All files in the AD Portal are versioned, meaning that if the file represented by a particular synID changes, a new version will be created. You can access a specific versions by using the `version` argument in `syn.get()`. More info on version control in the AD Portal and the Synapse platform can be found [here](https://help.synapse.org/docs/Versioning-Files.2667708547.html).
------------------------------------------------------------------------
## Working with AD Portal metadata
### Metadata basics
We have now downloaded several metadata files and an RNAseq counts file from the portal. For our next exercises, we want to read those files in as R data so we can work with them.

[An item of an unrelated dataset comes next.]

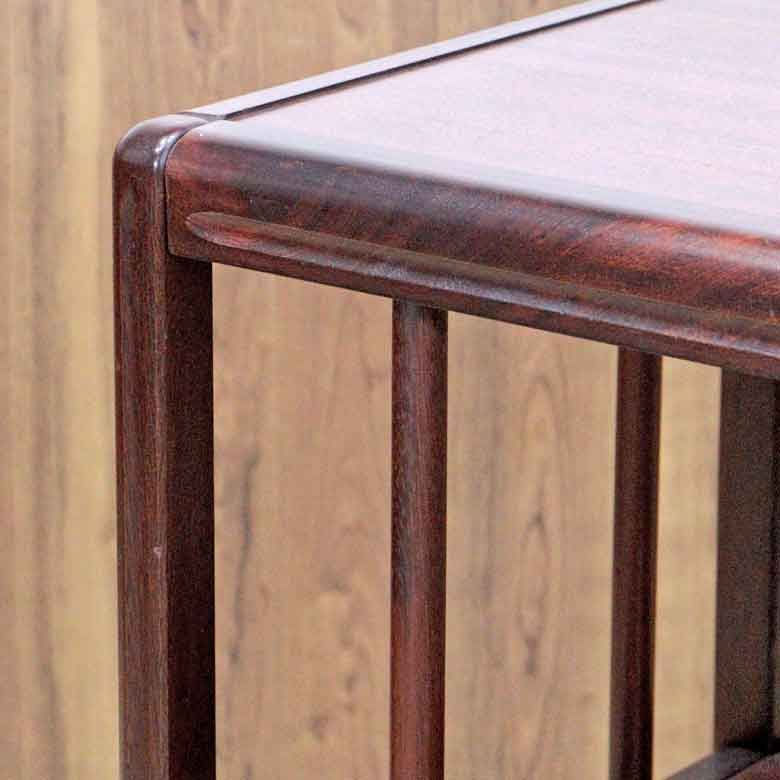 19世紀後半~20世紀初頭のマホガニーやオーク材が主流で、象嵌や彫刻などの装飾が施されたクラシカルなデザインが特徴的ですが、ミッドセンチュリー期に入ると伝統的な装飾は排除され、木目や素材の質感を活かしたシンプルなラインが主流になります。 本棚としてだけでなく、レコード(CD)ラックやディスプレイキャビネットとしても使える、多目的な収納家具としてデザインされることがあります。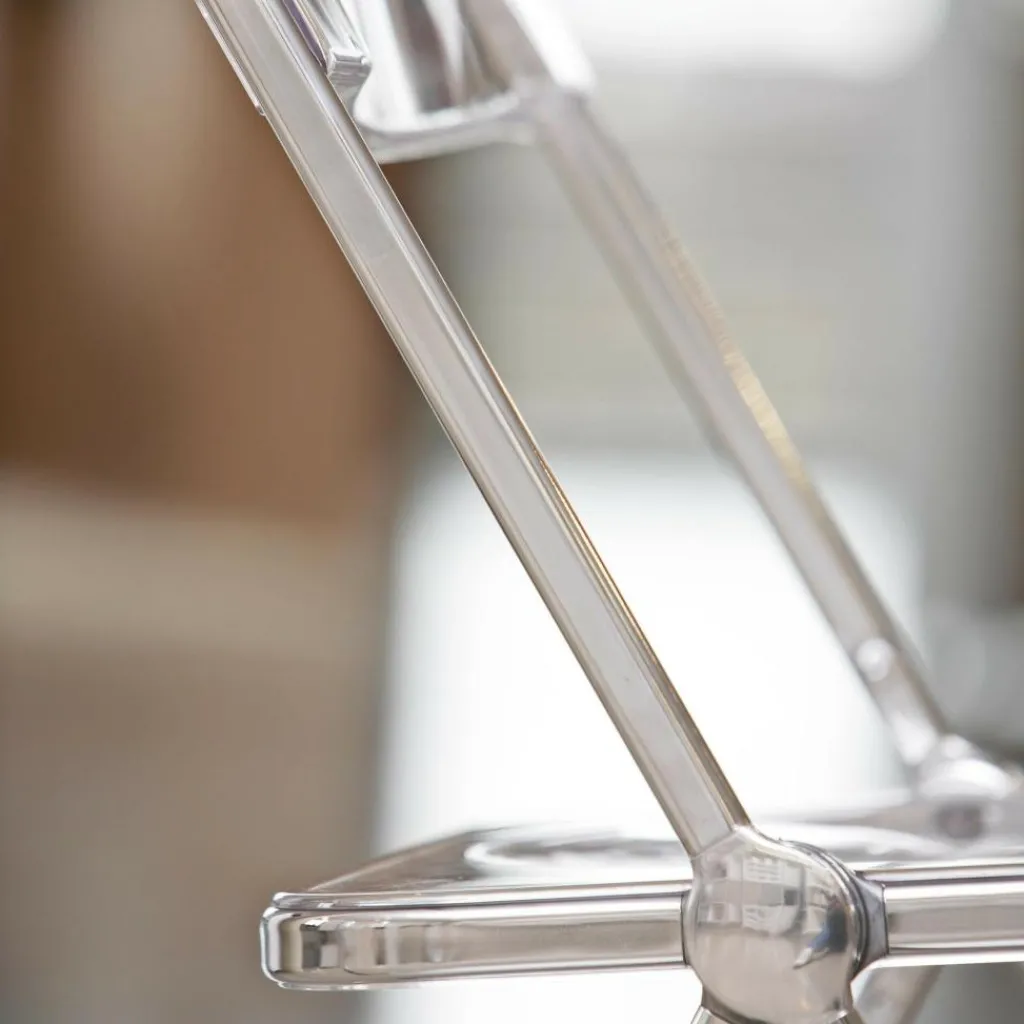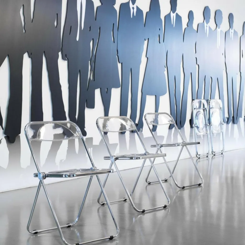 Mit dem Klappstuhl Plia hat der italienische Designer Giancarlo Piretti Designgeschichte geschrieben! Seine Entwicklung des 3-Scheiben-Gelenks mit ausgeklügelter, flacher Klappmechanik ebneten dem transparenten klappbaren Stuhl von Anonima Castelli den Weg zum internationalen Kultobjekt.

We can see from the `download_table` we got during the bulk download step that we have five metadata files. Two of these should be the individual and biospecimen files, and three of them are assay meetadata files.
```{python}
download_table[['name', 'metadataType', 'assay']]
```
We are only interested in RNAseq data, so we will only read in the individual, biospecimen, and RNAseq assay metadata files. We will also read in the counts data file.
```{python}
# counts matrix
counts = pd.read_table("files/htseqcounts_5XFAD.txt")
```
We can now read the metadata csv files in as pandas dataframes.
```{python}
# individual metadata
ind_meta = pd.read_csv("files/Jax.IU.Pitt_5XFAD_individual_metadata.csv")
# biospecimen metadata
bio_meta = pd.read_csv("files/Jax.IU.Pitt_5XFAD_biospecimen_metadata.csv")
#assay metadata
rna_meta = pd.read_csv("files/Jax.IU.Pitt_5XFAD_assay_RNAseq_metadata.csv")
```
Let's examine the data and metadata files a bit before we begin our analyses.
#### Counts data
```{python}
counts.head()
```
The data file has a column of ENSEMBL gene ids and then a bunch of columns with count data, where the column headers correspond to the specimenIDs. These specimenIDs should all be in the RNAseq assay metadata file, so let's check.
```{python}
rna_meta.head()
```
```{python}
# check that column headers in counts file match specimenIDs in assay metadata
col_names = list(counts.columns.values)[1:]
spec_ids = list(rna_meta.specimenID)
all(item in col_names for item in spec_ids)
```
#### Assay metadata
The assay metadata contains information about how data was generated on each sample in the assay. Each specimenID represents a unique sample. We can use some tools from pandas to explore the metadata.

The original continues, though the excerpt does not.